En la época de la Conquista en América, México fue uno de los países que más sufrieron a manos de los españoles. Sus costumbres y religión fueron abolidas por los principios de la Iglesia Católica, y miles de personas murieron al tratar de oponerse a los europeos. Fue una época oscura y sangrienta para los indígenas mexicanos.

Entre ellos, se encontraba una bella joven que se enamoró de un caballero español. Él, aprovechando los sentimientos que la muchacha le profesaba, no desaprovechó la oportunidad para obtener una noche de pasión a su lado.

Con el tiempo, sus encuentros se prolongaron y mientras más días pasaban juntos, más ilusiones se hacía la indígena con su amado.

Ella sabía que provenían de castas muy diferentes, pero le prometió convertirse a su religión con tal de que pudieran casarse como era menester. Ya tenían tres preciosos hijos juntos, pero el padre no podía reconocerlos porque no vivían en Santo Matrimonio.

Cada vez que le hablaba del tema, él le daba largas.

—Comprende que por el momento no puedo ofrecerte casamiento —le dijo el hombre—, la gente es muy prejuiciosa y no quiero arriesgarme a que te señalen a ti, o a los niños. Ya nos casaremos, más adelante.

Y la joven le creía, prometiendo esperar.

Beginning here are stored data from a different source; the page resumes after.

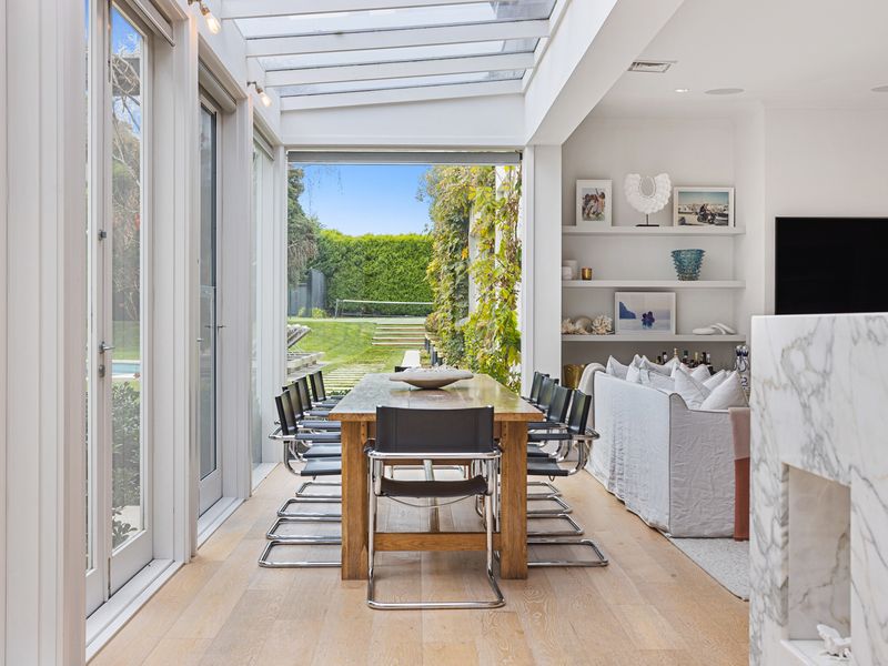 Escape to the expansive outdoor living spaces, where a symphony of nature awaits. Enjoy alfresco dining on the terrace, savoring the fresh Portsea sea air as you revel in the picturesque surroundings. The fully fenced garden provides the utmost privacy, ensuring that every moment spent outdoors is a peaceful retreat.
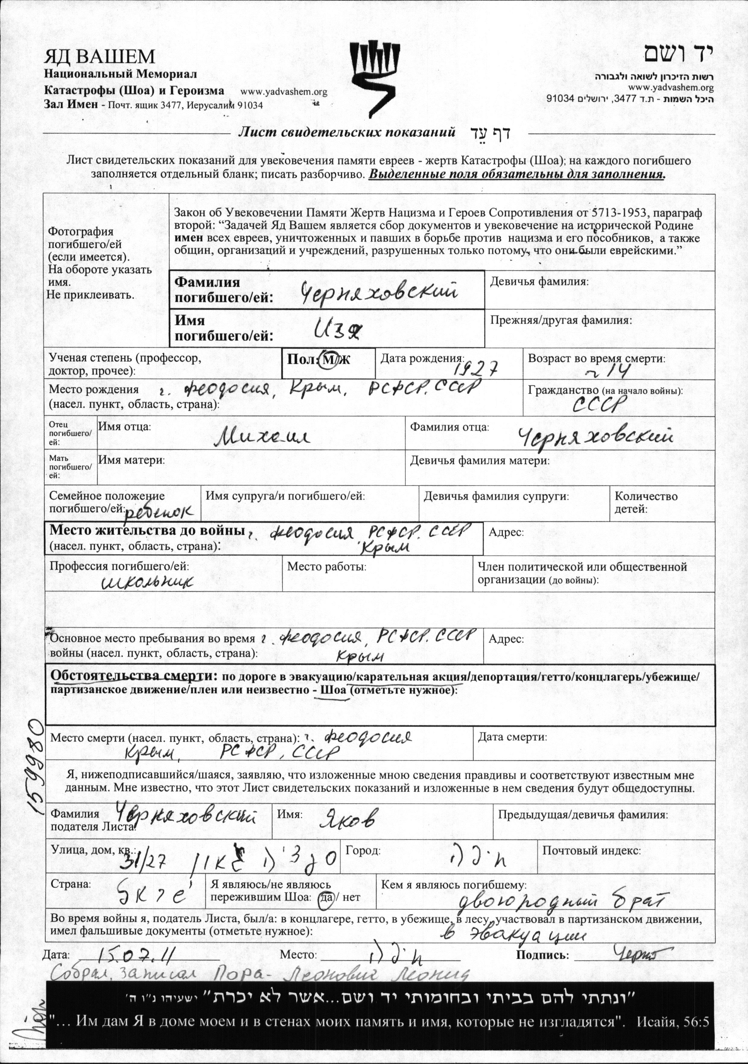 Черняховский Изя 1927 Феодосия, Россия (СССР) Лист свидетельских показаний
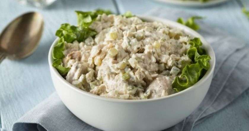 3. Ձուն, հավը, պանիրը, վարունգը, սոխը խորանարդաձև կտրատել, ավելացնել մայոնեզը և խառնել:
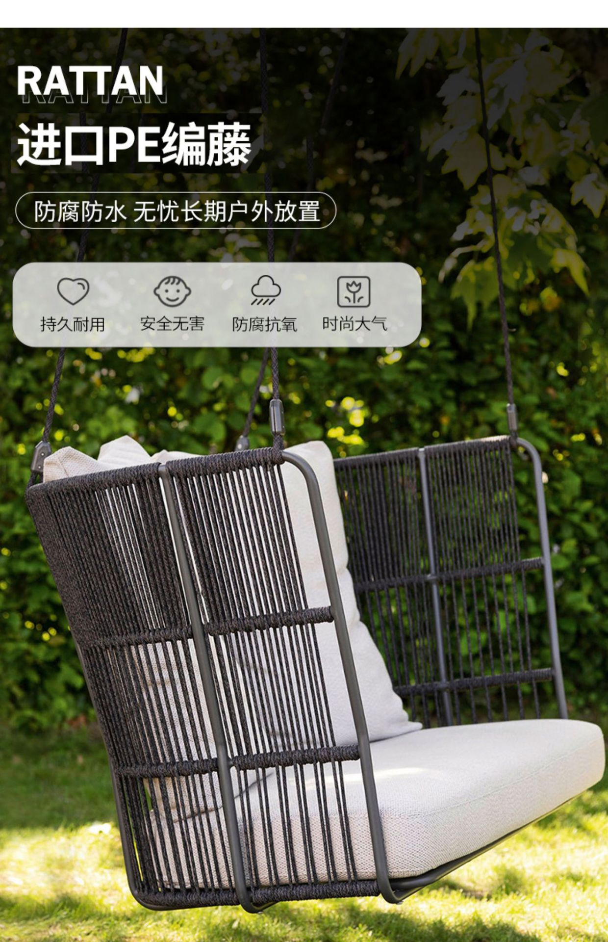 Đu mây ngoài trời xích đu sân vườn ban công ghế mây xích đu đôi sân vườn biệt thự người lớn ghế treo nôi nôi ngoài trời

Un día, se encontraba en el mercado del pueblo, cuando escuchó como las campanas de la iglesia sonaban. La gente se arremolinaba en la entrada con algarabía, riendo. Una boda acababa de celebrarse y al parecer, quien se casaba era una persona importante en el lugar. La muchacha se acercó con curiosidad para ver de quien se trataba.

El corazón le dio un vuelco al darse cuenta de que el novio, era nada más y nada menos que su amado. Iba sonriente, llevaba del brazo a una hermosa chica española y vestida de blanco. Los recién casados descendieron por la escalinata de la iglesia y aunque los ojos del marido se encontraron con los suyos, él fingió no verla y subió con su mujer a un elegante carruaje.

La pobre indígena, humillada, corrió hasta la choza en la que vivía con sus hijos, llorando desconsolada. No pudo evitar odiarlos, pues eran prueba de la traición y la crueldad a los que había sido sometida. Poco después, se enteró de que el caballero español había regresado a su patria, donde viviría para siempre en compañía de su esposa.

Llena de ira y tristeza, tomó a los niños con frialdad y les dijo que irían hasta el río para tomar un baño.

Una vez allí, los ahogó y dejó que el agua se llevara sus cuerpos, maldiciendo al hombre al que alguna vez había amado. Sin embargo, apenas los perdió de vista, la pobre sintió remordimientos y se volvió a echar al río para buscarlos, gimiendo y llorando en vano.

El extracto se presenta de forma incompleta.